PROBLEM: The records that follow must be reproduced in full, with every picture excluded.

Stored records:
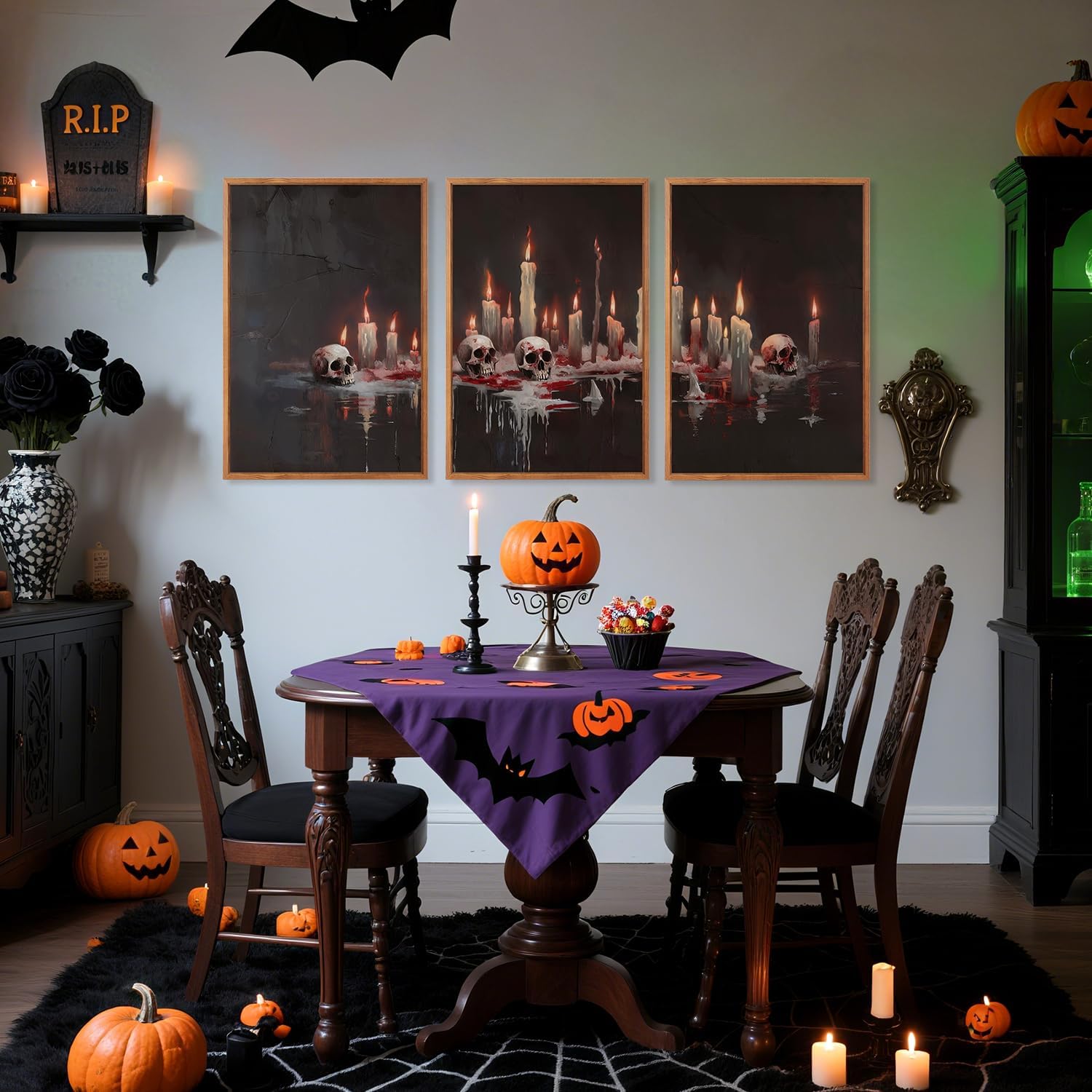 - Gothic Bloody Skull and Candles-- The details of Aurlan halloween wall art set of 3 are exquisitely processed, such as the melted wax on the candles, the reflections and bloodstains in the liquid. The overall image gives people a sense of horror, mystery, and religious rituals.
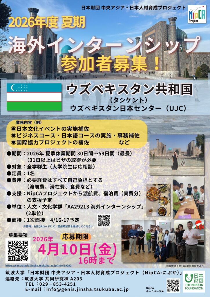本プロジェクトが企画した、中央アジア・コーカサス地方への留学・研修、インターンシップに参加した学生は、NipCA フレンドシップメンバーとして登録され、独自奨学金制度で本学に受けいれている留学生のチューターの紹介や、交流促進に資する様々なイベントに優先的に参加することができます。
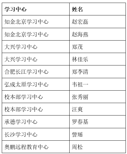 为了调动广大学生的学习积极性,鼓励优秀学生发挥模范带头作用,学院组织开展了2021春季评优工作。经过学生个人申报、学习中心初审、学院评审小组终审,最终评选出优秀毕业生11名。
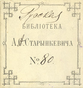 Nelinurkne ornamenteeritud raamistus. Joonises keskel: БИБЛIОТЕКА / А. С. СТАРЫНКЕВИЧА / №
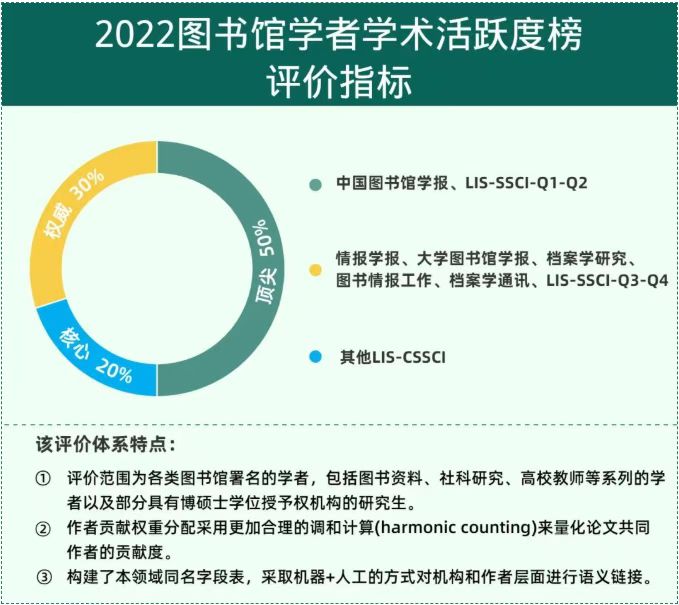 该榜单是首个针对图书馆学者层面学术活跃度进行综合评价的指数,评价体系以期刊发文能力为首要测度,将国内外图书情报与档案管理领域的期刊分为三个等级:顶尖、权威、核心,选取标准主要参考SCI/SSCI、CSSCI以及第四轮学科评估A类期刊目录,并采取期刊+作者综合权重的方式,旨在给出一个具有对标基准、多层次、分权重、符合图书馆实务界特色的综合评议依据。
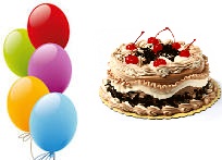 heart balloons + 10 Red Roses and half kg White Forest cake
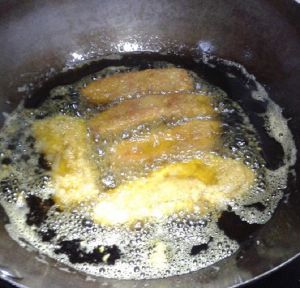 锅里放入适量的油(能没过排骨即可),烧至7成热时,将排骨放进去炸7-8分钟左右至金黄色,捞起装盘。
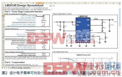 对于一些不擅长电源管理的设计人员来说,他们确实需要一些支持去优化电源的设计。例如,仿真工具可协助展现电源系统的实际特性,但由于仿真工具一般都不能够直接地提供元件间的折衷建议。由此,比仿真能力更重要的设计支持是要协助设计人员找出最合适的外置元件。LM20000稳压器系列可提供一个Excel格式的设计指导,可帮助设计人员迅速地挑选出最合适的外置元件并可计算出其可预测的稳定性。图2表示出由美国国家半导体设计网站所提供的免费精简设计电子表单。
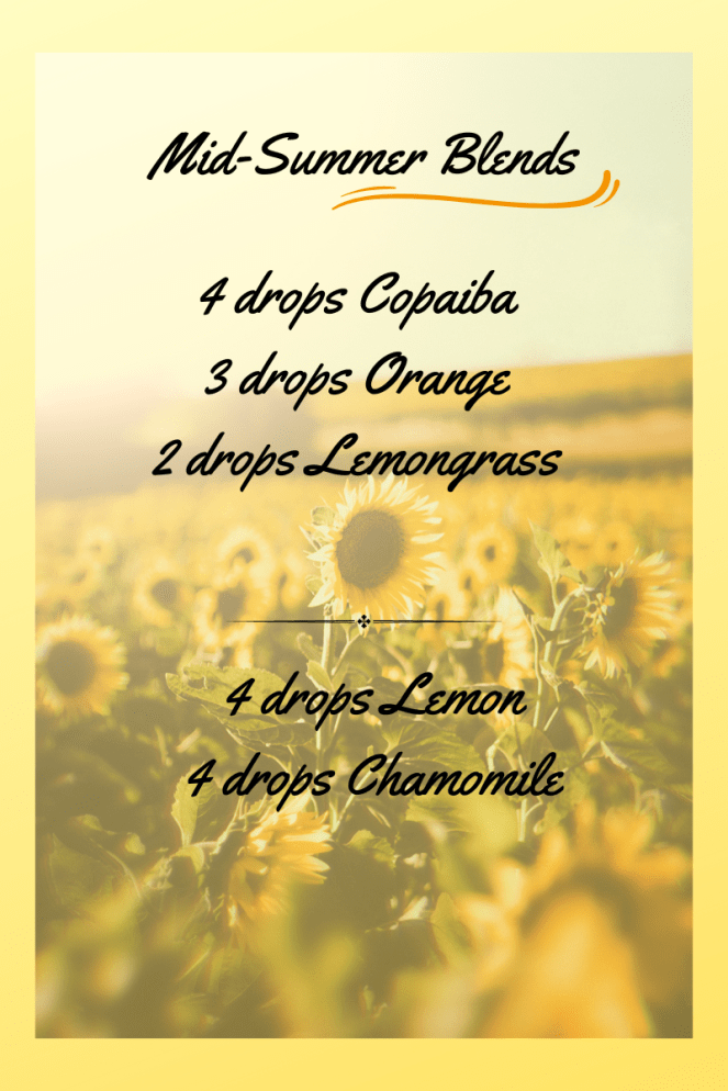 The images used in this post are ones that I took at a recent sunflower festival in Southern New Hampshire. Coppal House Farm hosts this annual event that is just delightful! Casually wander through fields of sunflowers, and enjoy music and food, too. I created these sunny blends with the sunflowers on my mind. Diffuse these blends as you enjoy the last warm weeks of August. They each still have a bright element of the season, but also a warm, earthy undertone as well.

RESPONSE AREA:
 - Gothic Bloody Skull and Candles-- The details of Aurlan halloween wall art set of 3 are exquisitely processed, such as the melted wax on the candles, the reflections and bloodstains in the liquid. The overall image gives people a sense of horror, mystery, and religious rituals.
本プロジェクトが企画した、中央アジア・コーカサス地方への留学・研修、インターンシップに参加した学生は、NipCA フレンドシップメンバーとして登録され、独自奨学金制度で本学に受けいれている留学生のチューターの紹介や、交流促進に資する様々なイベントに優先的に参加することができます。
 为了调动广大学生的学习积极性,鼓励优秀学生发挥模范带头作用,学院组织开展了2021春季评优工作。经过学生个人申报、学习中心初审、学院评审小组终审,最终评选出优秀毕业生11名。
 Nelinurkne ornamenteeritud raamistus. Joonises keskel: БИБЛIОТЕКА / А. С. СТАРЫНКЕВИЧА / №
 该榜单是首个针对图书馆学者层面学术活跃度进行综合评价的指数,评价体系以期刊发文能力为首要测度,将国内外图书情报与档案管理领域的期刊分为三个等级:顶尖、权威、核心,选取标准主要参考SCI/SSCI、CSSCI以及第四轮学科评估A类期刊目录,并采取期刊+作者综合权重的方式,旨在给出一个具有对标基准、多层次、分权重、符合图书馆实务界特色的综合评议依据。
 heart balloons + 10 Red Roses and half kg White Forest cake
 锅里放入适量的油(能没过排骨即可),烧至7成热时,将排骨放进去炸7-8分钟左右至金黄色,捞起装盘。
 对于一些不擅长电源管理的设计人员来说,他们确实需要一些支持去优化电源的设计。例如,仿真工具可协助展现电源系统的实际特性,但由于仿真工具一般都不能够直接地提供元件间的折衷建议。由此,比仿真能力更重要的设计支持是要协助设计人员找出最合适的外置元件。LM20000稳压器系列可提供一个Excel格式的设计指导,可帮助设计人员迅速地挑选出最合适的外置元件并可计算出其可预测的稳定性。图2表示出由美国国家半导体设计网站所提供的免费精简设计电子表单。
 The images used in this post are ones that I took at a recent sunflower festival in Southern New Hampshire. Coppal House Farm hosts this annual event that is just delightful! Casually wander through fields of sunflowers, and enjoy music and food, too. I created these sunny blends with the sunflowers on my mind. Diffuse these blends as you enjoy the last warm weeks of August. They each still have a bright element of the season, but also a warm, earthy undertone as well.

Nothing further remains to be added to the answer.